Massachusetts Avenue Project's Mobile Market has been providing fresh fruits and vegetables to neighborhoods that don't have close access to grocery stores.

"In some of the neighborhoods we're in, everyone is doing all of their grocery shopping at like a Dollar General-type place that has nothing fresh," said Danielle Rovillo, MAP's markets director. 

Their traveling market makes different stops Tuesday through Friday from June until November. The produce grown in their garden or sourced from local farmers is then sold at an affordable price, accepting cash, SNAP or WIC.

While the concept of a mobile market is a way to help those neighborhoods that don't have other options, Massachusetts Avenue Project hopes that this will help neighborhoods, like the Fruit Belt, establish a more permanent solution.
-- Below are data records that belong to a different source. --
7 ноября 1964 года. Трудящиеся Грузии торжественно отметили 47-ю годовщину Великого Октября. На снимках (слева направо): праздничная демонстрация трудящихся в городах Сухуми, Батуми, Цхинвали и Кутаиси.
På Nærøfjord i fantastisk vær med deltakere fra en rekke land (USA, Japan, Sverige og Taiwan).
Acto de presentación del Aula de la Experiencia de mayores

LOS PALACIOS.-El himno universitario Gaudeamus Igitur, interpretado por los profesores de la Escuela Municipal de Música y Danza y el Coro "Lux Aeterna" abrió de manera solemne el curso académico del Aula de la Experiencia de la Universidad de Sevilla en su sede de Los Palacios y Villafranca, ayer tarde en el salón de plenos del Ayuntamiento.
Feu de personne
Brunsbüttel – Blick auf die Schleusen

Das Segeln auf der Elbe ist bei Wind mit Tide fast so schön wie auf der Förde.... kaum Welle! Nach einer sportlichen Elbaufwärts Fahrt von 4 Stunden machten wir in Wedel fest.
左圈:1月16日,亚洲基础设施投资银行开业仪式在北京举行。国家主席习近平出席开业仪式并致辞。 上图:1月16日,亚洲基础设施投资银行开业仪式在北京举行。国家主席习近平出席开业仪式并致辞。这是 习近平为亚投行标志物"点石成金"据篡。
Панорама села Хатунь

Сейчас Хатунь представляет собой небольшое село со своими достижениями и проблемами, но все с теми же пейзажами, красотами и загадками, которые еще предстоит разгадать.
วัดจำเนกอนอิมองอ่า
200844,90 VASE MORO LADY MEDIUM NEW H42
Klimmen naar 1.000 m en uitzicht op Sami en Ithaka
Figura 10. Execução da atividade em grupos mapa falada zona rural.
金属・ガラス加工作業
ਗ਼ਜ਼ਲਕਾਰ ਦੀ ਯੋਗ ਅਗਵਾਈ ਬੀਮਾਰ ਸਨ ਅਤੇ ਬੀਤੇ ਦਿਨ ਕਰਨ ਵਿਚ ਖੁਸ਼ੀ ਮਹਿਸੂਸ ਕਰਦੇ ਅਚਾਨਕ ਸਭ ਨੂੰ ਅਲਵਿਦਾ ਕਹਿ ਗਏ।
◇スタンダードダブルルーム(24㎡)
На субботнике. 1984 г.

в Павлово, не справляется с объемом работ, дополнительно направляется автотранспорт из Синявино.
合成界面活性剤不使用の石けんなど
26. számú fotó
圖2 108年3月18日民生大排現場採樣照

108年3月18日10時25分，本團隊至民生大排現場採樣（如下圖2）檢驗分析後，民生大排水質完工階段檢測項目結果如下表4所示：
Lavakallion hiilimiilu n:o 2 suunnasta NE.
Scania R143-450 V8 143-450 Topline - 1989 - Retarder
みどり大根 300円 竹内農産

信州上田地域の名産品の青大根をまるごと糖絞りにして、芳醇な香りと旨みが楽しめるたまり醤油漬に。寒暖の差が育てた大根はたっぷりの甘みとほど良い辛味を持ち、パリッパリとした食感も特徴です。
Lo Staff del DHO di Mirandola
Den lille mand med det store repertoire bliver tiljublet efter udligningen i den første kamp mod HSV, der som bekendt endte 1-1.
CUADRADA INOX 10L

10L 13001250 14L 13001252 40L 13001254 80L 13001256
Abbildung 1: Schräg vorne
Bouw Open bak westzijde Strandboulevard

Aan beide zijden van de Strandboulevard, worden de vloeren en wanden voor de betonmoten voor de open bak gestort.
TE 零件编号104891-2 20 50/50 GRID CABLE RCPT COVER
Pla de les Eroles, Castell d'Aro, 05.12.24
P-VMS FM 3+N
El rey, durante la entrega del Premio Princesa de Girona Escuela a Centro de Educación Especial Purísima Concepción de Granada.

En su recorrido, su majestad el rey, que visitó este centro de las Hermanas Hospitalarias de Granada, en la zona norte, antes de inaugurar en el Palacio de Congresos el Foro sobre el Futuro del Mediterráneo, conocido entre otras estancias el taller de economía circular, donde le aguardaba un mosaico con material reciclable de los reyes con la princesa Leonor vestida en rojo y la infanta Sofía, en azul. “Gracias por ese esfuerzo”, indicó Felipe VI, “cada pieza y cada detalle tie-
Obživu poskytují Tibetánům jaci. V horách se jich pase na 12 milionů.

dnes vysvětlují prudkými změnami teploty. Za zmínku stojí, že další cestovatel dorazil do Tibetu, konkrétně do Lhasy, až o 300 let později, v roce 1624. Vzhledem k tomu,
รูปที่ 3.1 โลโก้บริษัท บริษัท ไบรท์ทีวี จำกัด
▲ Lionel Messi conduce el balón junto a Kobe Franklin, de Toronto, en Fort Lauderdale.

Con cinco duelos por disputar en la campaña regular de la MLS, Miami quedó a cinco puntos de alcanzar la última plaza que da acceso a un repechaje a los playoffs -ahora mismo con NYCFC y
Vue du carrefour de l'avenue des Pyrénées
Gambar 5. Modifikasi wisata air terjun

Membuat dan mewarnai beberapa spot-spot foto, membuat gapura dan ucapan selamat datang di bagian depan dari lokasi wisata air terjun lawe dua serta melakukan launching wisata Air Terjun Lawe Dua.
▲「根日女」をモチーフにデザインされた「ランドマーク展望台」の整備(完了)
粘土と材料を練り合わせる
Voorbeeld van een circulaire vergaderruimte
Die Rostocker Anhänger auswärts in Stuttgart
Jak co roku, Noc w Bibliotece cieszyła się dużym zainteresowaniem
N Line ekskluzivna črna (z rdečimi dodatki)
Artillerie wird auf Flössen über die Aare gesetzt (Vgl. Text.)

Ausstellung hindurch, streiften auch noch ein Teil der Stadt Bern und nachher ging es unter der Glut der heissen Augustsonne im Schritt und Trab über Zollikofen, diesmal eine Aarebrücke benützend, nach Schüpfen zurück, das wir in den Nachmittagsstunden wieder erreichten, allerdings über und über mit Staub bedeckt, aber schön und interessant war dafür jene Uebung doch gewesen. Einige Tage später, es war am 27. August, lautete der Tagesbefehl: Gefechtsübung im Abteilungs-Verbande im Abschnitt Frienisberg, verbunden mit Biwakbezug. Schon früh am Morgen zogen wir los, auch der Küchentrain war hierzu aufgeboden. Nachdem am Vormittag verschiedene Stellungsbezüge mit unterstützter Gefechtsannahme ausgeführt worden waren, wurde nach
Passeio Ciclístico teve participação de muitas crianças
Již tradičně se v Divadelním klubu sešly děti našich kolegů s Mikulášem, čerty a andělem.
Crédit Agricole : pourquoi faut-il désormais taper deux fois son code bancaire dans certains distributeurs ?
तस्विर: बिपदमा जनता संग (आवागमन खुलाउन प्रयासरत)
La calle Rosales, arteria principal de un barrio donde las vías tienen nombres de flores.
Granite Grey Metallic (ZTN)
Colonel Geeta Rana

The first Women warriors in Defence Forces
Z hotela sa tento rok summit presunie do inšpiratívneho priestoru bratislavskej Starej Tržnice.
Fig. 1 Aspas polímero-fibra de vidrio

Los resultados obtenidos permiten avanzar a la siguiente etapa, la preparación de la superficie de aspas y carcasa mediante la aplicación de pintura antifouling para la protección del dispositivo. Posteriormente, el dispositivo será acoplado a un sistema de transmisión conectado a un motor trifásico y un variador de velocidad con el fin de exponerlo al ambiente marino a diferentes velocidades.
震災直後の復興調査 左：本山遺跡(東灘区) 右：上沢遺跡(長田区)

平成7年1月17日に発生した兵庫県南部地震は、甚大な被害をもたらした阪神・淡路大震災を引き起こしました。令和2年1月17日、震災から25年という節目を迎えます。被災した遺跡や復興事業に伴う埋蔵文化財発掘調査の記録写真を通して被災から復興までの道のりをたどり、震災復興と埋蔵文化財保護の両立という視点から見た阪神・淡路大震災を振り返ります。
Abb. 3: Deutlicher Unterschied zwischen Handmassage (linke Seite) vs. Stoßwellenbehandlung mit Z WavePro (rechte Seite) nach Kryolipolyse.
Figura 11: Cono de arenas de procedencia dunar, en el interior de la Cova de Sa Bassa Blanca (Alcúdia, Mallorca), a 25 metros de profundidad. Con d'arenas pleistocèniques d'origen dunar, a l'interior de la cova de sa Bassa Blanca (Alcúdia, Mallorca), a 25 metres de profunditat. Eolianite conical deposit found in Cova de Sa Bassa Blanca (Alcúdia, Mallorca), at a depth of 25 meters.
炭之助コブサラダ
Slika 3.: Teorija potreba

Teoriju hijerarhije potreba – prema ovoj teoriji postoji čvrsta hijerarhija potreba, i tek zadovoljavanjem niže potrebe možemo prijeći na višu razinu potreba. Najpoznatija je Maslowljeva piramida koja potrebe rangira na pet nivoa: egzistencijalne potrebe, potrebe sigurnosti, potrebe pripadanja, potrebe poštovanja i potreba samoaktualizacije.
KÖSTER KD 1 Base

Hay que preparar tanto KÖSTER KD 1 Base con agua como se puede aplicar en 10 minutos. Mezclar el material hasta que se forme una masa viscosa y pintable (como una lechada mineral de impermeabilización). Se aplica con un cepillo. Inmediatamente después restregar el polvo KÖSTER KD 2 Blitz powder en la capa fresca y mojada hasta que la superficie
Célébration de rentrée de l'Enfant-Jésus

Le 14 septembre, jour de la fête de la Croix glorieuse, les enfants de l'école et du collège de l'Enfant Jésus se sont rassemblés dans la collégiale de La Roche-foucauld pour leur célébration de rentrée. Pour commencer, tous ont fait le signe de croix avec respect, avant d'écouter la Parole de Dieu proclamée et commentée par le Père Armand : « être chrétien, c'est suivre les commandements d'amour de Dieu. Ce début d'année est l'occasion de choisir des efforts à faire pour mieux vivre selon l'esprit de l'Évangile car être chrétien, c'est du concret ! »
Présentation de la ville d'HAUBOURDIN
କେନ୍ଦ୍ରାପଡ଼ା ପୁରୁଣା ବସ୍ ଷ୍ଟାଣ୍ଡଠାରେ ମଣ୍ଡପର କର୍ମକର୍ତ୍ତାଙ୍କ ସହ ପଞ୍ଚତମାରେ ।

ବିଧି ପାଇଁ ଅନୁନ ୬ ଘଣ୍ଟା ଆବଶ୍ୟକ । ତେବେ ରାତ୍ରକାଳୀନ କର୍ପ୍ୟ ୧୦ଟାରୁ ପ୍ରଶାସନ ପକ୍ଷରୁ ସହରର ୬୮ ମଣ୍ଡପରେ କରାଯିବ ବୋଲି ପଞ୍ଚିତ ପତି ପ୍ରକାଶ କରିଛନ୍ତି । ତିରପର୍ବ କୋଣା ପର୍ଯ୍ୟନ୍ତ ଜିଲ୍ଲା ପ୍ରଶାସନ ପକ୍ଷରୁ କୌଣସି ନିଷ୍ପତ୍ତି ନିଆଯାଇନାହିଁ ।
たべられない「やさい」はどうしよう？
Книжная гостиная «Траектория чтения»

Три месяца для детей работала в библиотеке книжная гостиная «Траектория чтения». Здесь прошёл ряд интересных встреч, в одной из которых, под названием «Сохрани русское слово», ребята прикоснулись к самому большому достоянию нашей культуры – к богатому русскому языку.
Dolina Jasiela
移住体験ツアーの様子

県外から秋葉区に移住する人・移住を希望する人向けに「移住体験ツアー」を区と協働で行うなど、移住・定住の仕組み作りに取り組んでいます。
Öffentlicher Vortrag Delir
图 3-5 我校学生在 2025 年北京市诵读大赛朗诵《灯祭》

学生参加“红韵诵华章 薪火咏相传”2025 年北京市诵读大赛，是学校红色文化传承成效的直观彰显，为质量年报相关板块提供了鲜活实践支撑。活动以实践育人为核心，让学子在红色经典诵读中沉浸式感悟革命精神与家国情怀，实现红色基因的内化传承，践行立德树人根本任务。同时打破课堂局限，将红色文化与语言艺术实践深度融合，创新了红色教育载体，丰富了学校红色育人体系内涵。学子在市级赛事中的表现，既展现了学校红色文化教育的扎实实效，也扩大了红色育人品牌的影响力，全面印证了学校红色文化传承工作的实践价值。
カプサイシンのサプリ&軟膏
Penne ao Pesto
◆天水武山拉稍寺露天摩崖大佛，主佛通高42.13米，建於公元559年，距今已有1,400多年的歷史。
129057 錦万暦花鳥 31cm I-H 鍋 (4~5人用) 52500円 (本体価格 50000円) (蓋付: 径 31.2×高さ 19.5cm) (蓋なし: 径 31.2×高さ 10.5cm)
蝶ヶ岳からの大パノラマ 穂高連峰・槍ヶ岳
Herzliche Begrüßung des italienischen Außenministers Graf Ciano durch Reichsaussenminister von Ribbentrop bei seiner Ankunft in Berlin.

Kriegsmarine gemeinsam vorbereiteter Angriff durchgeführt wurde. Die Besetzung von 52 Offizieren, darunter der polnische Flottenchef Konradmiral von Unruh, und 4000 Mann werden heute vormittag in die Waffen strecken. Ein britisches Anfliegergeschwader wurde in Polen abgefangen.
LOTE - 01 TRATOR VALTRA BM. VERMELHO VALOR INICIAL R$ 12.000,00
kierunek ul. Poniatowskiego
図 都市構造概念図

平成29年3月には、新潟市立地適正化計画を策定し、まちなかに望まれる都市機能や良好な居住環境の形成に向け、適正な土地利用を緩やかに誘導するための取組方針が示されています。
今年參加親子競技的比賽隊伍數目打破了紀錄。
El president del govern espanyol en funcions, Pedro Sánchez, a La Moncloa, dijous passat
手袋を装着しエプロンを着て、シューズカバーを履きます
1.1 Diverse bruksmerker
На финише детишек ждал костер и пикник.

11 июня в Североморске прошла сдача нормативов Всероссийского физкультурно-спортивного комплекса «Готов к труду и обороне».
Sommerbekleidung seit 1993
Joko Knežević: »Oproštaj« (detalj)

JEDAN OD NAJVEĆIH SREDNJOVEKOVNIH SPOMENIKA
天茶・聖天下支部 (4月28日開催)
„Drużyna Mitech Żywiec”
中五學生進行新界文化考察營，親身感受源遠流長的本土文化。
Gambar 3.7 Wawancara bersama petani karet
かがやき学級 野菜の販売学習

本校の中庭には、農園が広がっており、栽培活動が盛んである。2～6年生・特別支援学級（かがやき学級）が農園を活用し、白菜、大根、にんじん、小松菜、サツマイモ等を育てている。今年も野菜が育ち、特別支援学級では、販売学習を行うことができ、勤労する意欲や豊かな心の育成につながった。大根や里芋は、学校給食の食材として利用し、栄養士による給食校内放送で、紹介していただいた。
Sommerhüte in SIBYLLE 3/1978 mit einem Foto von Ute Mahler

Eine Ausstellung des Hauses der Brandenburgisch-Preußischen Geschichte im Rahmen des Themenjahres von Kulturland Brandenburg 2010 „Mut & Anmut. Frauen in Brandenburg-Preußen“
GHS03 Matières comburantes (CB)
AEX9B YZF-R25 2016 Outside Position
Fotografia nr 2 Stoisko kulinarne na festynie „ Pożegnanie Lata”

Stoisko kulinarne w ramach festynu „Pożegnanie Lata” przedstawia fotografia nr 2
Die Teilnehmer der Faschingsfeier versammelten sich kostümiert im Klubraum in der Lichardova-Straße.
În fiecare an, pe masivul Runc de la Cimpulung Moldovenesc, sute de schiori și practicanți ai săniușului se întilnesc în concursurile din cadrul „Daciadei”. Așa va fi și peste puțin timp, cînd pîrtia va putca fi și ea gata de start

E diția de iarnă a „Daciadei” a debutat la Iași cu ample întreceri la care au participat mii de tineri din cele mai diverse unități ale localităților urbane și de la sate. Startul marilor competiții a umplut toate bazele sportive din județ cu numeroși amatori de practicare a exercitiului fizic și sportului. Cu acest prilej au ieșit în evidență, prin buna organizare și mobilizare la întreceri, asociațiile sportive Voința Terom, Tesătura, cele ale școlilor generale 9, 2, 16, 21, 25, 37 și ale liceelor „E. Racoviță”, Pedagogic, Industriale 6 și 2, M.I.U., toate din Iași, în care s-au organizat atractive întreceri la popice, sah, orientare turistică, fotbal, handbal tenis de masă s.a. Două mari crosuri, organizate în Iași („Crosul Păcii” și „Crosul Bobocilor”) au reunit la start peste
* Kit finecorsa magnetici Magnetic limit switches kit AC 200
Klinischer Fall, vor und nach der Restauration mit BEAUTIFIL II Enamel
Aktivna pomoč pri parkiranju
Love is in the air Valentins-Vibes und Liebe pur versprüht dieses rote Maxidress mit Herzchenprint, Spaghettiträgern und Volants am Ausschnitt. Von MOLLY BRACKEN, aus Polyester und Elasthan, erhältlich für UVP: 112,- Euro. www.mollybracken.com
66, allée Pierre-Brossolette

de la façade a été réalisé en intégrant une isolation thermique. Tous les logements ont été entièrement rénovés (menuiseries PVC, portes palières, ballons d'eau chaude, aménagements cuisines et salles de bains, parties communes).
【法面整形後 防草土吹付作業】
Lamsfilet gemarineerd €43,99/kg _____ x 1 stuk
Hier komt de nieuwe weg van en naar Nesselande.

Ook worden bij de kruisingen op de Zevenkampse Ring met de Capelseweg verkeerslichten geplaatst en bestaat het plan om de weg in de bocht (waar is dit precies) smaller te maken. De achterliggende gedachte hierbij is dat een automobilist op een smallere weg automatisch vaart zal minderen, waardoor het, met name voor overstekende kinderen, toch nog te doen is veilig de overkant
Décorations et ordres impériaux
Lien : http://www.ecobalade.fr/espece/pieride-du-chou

"I hope that that business that we've built and that momentum that we built can translate to either a permanent farmer's market in a neighborhood," Rovillo said. "Sometimes I try to talk to corner store owners and say 'hey I'm a couple blocks from you, this is the kind of volume I'm selling of these items, you could carry these items in your store and I could go to a different neighborhood and help them,' so I hope that it translates like that over time."